WHAT IS BEING ASKED — For this exercise, write out only the lines of the entries below from the one with "防空壕ってこんな感じ!外の明" up to and including the one with "ホーム先端信号機と街路灯、反射で光るレールの他は、暗闇に包まれておりました。", exactly as they are. Pictures stay out.
─── EXTRACTED INFORMATION ───
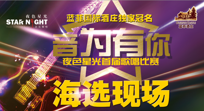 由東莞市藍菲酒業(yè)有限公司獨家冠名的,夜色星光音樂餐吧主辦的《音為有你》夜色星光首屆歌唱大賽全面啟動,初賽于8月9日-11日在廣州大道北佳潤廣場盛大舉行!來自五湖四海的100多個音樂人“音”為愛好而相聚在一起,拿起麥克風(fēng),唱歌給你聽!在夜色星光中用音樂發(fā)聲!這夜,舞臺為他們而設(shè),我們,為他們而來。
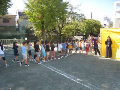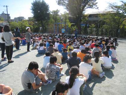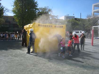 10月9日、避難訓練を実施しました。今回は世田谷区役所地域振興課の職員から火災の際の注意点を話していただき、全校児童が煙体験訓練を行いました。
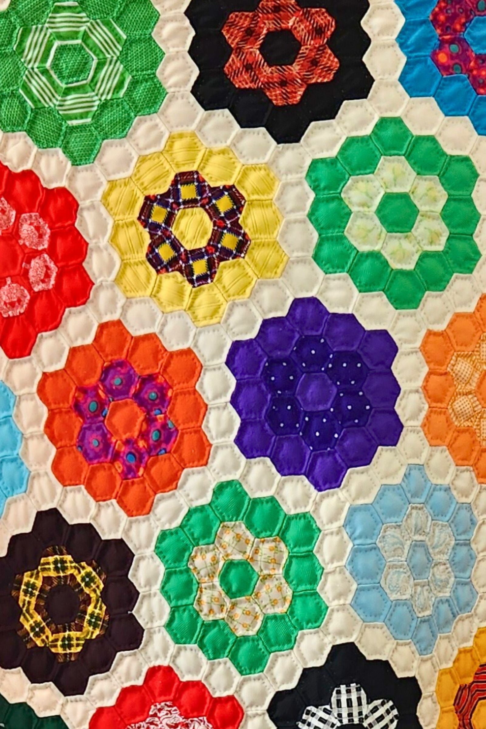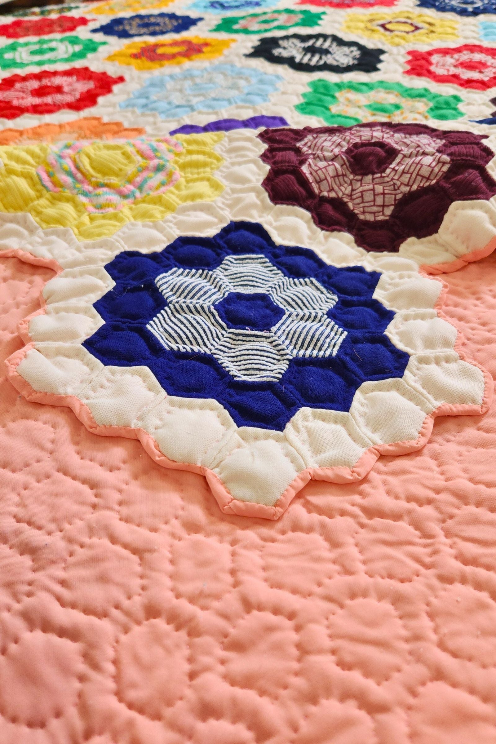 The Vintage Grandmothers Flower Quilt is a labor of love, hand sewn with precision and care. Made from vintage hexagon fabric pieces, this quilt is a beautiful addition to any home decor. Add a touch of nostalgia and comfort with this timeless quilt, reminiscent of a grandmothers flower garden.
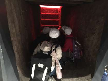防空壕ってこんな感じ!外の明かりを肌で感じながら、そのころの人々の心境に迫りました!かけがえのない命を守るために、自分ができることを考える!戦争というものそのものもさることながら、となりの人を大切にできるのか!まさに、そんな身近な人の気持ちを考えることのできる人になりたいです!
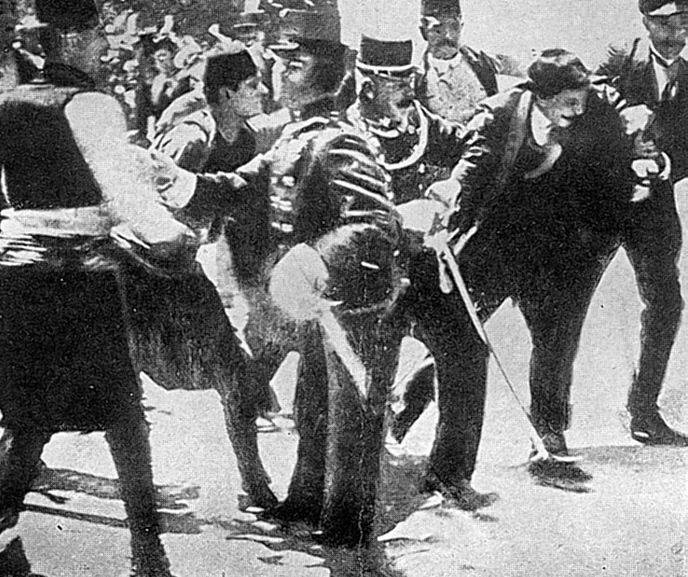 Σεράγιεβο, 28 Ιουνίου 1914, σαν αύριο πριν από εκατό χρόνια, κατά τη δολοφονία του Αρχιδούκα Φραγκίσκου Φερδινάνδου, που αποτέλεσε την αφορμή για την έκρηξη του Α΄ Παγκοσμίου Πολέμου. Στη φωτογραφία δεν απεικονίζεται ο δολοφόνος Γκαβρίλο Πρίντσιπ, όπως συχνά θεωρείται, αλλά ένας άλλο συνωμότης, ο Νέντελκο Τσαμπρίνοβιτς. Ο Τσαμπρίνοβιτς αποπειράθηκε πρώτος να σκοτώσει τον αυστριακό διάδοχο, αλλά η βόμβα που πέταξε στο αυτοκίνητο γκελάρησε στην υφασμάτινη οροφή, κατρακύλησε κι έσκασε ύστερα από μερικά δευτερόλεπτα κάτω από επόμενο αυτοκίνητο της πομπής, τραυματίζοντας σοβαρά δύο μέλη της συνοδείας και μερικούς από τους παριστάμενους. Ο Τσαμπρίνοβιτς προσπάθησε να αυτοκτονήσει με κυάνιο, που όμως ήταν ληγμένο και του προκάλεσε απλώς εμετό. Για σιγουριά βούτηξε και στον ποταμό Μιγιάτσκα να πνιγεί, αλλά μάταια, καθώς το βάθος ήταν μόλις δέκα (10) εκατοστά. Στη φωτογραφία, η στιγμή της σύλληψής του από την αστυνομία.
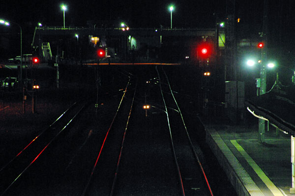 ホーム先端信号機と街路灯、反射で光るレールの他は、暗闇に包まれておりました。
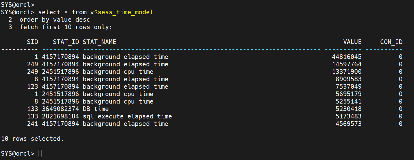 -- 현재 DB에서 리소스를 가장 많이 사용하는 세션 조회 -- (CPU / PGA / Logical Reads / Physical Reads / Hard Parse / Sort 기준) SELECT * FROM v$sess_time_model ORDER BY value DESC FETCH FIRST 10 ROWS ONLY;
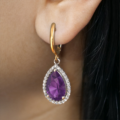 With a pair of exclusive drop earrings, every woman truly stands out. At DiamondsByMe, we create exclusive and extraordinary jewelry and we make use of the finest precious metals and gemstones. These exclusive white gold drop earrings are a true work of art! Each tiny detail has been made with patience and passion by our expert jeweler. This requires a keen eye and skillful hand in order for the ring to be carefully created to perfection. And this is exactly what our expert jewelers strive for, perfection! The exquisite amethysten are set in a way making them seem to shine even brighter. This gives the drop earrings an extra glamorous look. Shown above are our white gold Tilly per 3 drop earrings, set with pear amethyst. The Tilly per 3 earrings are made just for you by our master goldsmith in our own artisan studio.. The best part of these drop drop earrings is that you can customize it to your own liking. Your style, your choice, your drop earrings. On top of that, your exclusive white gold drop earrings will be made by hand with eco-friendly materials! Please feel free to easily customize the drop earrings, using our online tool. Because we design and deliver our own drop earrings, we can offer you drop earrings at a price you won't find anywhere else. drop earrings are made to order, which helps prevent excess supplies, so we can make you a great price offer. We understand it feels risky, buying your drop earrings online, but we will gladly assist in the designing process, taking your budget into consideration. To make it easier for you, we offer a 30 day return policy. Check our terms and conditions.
───
ANSWER SECTION —
防空壕ってこんな感じ!外の明かりを肌で感じながら、そのころの人々の心境に迫りました!かけがえのない命を守るために、自分ができることを考える!戦争というものそのものもさることながら、となりの人を大切にできるのか!まさに、そんな身近な人の気持ちを考えることのできる人になりたいです!
 Σεράγιεβο, 28 Ιουνίου 1914, σαν αύριο πριν από εκατό χρόνια, κατά τη δολοφονία του Αρχιδούκα Φραγκίσκου Φερδινάνδου, που αποτέλεσε την αφορμή για την έκρηξη του Α΄ Παγκοσμίου Πολέμου. Στη φωτογραφία δεν απεικονίζεται ο δολοφόνος Γκαβρίλο Πρίντσιπ, όπως συχνά θεωρείται, αλλά ένας άλλο συνωμότης, ο Νέντελκο Τσαμπρίνοβιτς. Ο Τσαμπρίνοβιτς αποπειράθηκε πρώτος να σκοτώσει τον αυστριακό διάδοχο, αλλά η βόμβα που πέταξε στο αυτοκίνητο γκελάρησε στην υφασμάτινη οροφή, κατρακύλησε κι έσκασε ύστερα από μερικά δευτερόλεπτα κάτω από επόμενο αυτοκίνητο της πομπής, τραυματίζοντας σοβαρά δύο μέλη της συνοδείας και μερικούς από τους παριστάμενους. Ο Τσαμπρίνοβιτς προσπάθησε να αυτοκτονήσει με κυάνιο, που όμως ήταν ληγμένο και του προκάλεσε απλώς εμετό. Για σιγουριά βούτηξε και στον ποταμό Μιγιάτσκα να πνιγεί, αλλά μάταια, καθώς το βάθος ήταν μόλις δέκα (10) εκατοστά. Στη φωτογραφία, η στιγμή της σύλληψής του από την αστυνομία.
 ホーム先端信号機と街路灯、反射で光るレールの他は、暗闇に包まれておりました。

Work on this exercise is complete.